Hallucinations are common and one experienced campaigner thinks short-handed offshore sailing helped prepare her for motherhood.

Short-handed sailing is growing in popularity in New Zealand and that will only increase with the inclusion of a mixed two-handed offshore keelboat event on the programme for the 2024 Paris and 2028 Los Angeles Olympic Games.

Not everyone will get to that level but it's added a new layer of interest to an already burgeoning side of the sport. At last count, there were already 73 entries for the first event in the SSANZ Triple Series on July 4.

Doyle Sails brought together four of this country's most experienced offshore sailors – Mike Sanderson, Emma Sanderson, Stu Bannatyne and Bianca Cook – to talk in front of about 70 people at the Royal New Zealand Yacht Squadron about how they would approach a short-handed sailing campaign at whatever level.

One of the main themes throughout the evening was that short-handed sailing requires a blend of good all-round sailing skills from both skippers to succeed, but that careful management of your body is vital to performing at your best at all times.

Sleep deprivation is a constant battle and can lead to hallucinations for many sailors during the course of a race.

Mike Sanderson experienced this when he imagined his best mates onboard alongside him to help with a sail change. He also told the story of a protest when one competitor thought he saw a rival competitor with a full crew onboard. 

Sanderson's wife, Emma, said there was an upside to sleep deprivation because it set her up well for motherhood in later years. In 2002-03, she became the first British woman and youngest person to complete the Around Alone, a 29,000-mile, single-handed round the world yacht race.

Some of the key messages coming from this experienced panel were:

  • Enjoy sailing first and foremost and then set your goals from there.
  • Trust, capability, compatibility and chemistry are key attributes between skippers.
  • Sail at the highest level you can right now. Don’t worry too much about the team combination just yet if the Olympics is your goal.
  • Keep improving by sailing with better teams.
  • Respect any routines and watch systems and keep up an inshore intensity while on watch.
  • Work as a community to build knowledge and experience.
  • Train, debrief and become more professional in your approach.
  • Make sure you enjoy the journey along the way towards your goal and be mentally prepared for some bad luck along the way that may prevent a podium position.

The French are regarded as the world's best short-handed sailors and their Figaro circuit is considered to be offshore sailing's most competitive one-design class.
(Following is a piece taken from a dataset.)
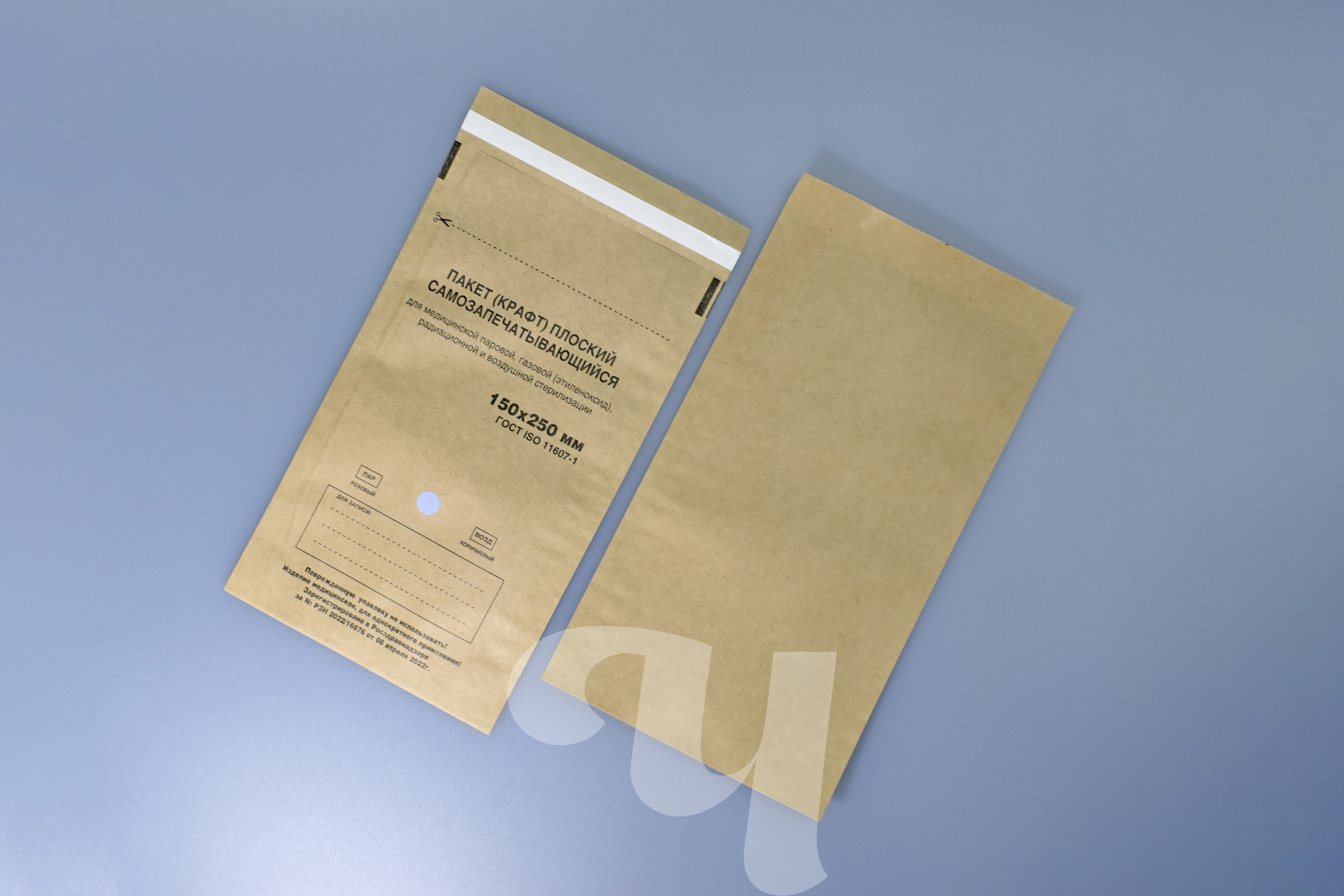 Самозапечатывающийся влагопрочный крафт-пакет предназначен для упаковывания медицинских изделий перед стерилизацией с целью сохранения стерильности этих изделий после стерилизации во время их транспортировки и хранения до использования по назначению. Предназначены для паровой, воздушной, газовой (оксидом этилена), радиационной стерилизации.Пакет содержит индикатор стерилизации класса 1, необратимо изменяющие свой цвет после обработки в стерилизаторе. Изменение цвета индикатора позволяет визуально отличить упаковки, прошедшие стерилизацию, от упаковок, не подвергавшихся стерилизационной обработке, и тем самым снизить риск смешения стерилизованных и не стерилизованных изделий. Внимание, изменение цвета индикаторов класса 1 не позволяет судить о качестве проведения стерилизации. Для этих целей необходимо использовать индикаторы класса 4-6. Срок годности: 5 лет. Количество в упаковке: 100 пакетов. Является изделием медицинского назначения. Регистрационные удостоверения: РЗН 2022/16876 от 08 апреля 2022г., ТУ 32.50.50-002-01432322-2019.

Recognised as the unofficial world championships of solo offshore racing, the Solitaire du Figaro race is fiercely competitive. As many as 30 skippers are expected on the start line this year in Saint-Brieuc in north-west France to take on 1830 miles of Europe’s roughest waters, including some of world’s best ocean racers as well as ambitious young rookies.
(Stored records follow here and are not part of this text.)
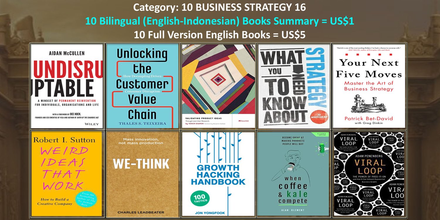 · Untuk 10 buku summary dalam 2 bahasa (English-Indonesian), hanya perlu 1 dollar saja, atau Rp.16.000,-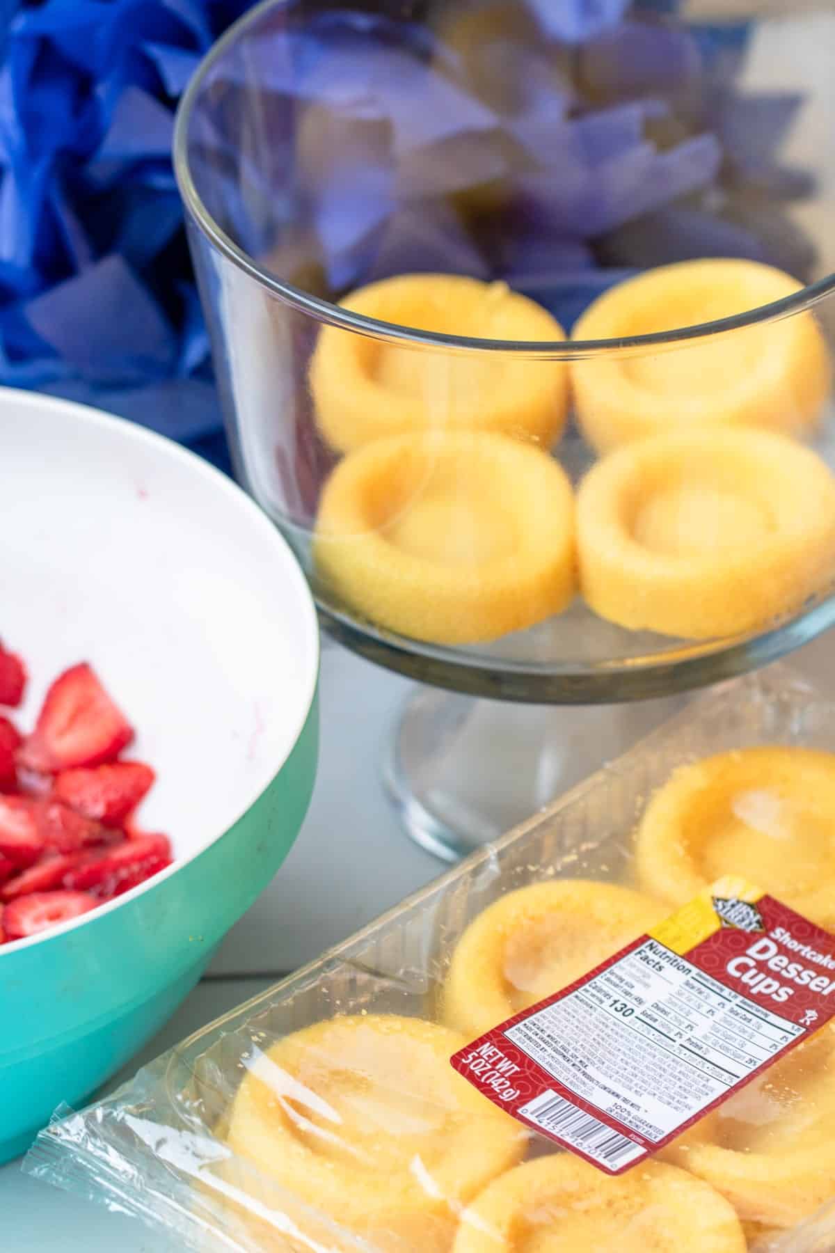 - Assemble ingredients in a trifle dish layering shortcake, macerated strawberries, pudding, Cool-Whip, and then repeat (as needed)
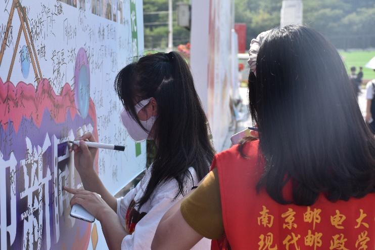 图5为研究生新生在签名墙前留影

The details of the Olympic event are still to be confirmed, but it will be a mixed gender two-person crew competing on a 30-35ft yet-to-be-decided boat in up to three races of various distances. 
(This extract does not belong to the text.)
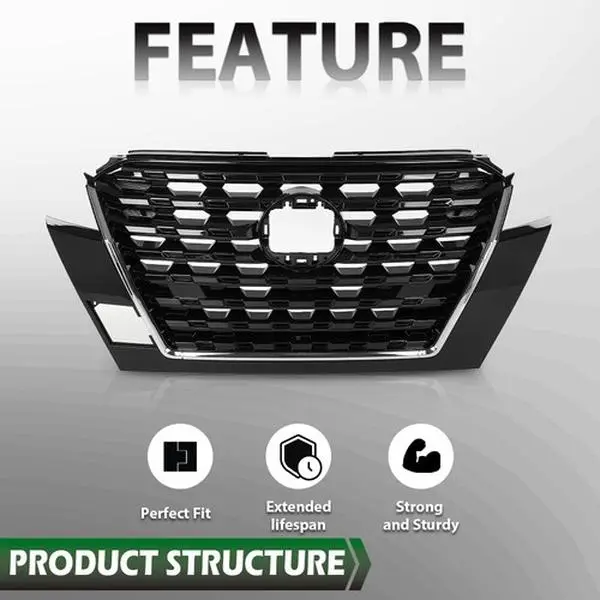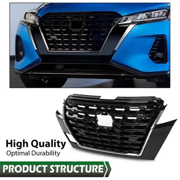 Fit For 2020-2023 Nissan Kicks Front Bumper Upper Grille Grill Black Chrome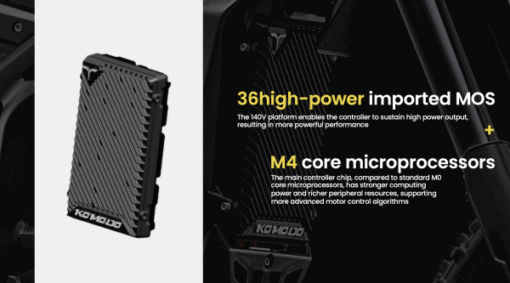 The main controller chip of the Talaria Komodo, compared to standard MO core microprocessors, has stronger computing power and richer peripheral resources, supporting more advanced motor control algorithms.

The winner will be decided on the fastest elapsed time cumulative over the three races. This format closely follows the Solitaire du Figaro format that is scored/ranked by totalling the elapsed time of each boat on each leg to see who has the shortest time for all four legs.

Doyle Sails are happy to assist teams with their aspirations towards success in the two-handed keelboat scene, with almost all of the panel unanimous in their desire to compete in a SSANZ Round North Island Race one day, and maybe even take a family member along – hallucinations or not.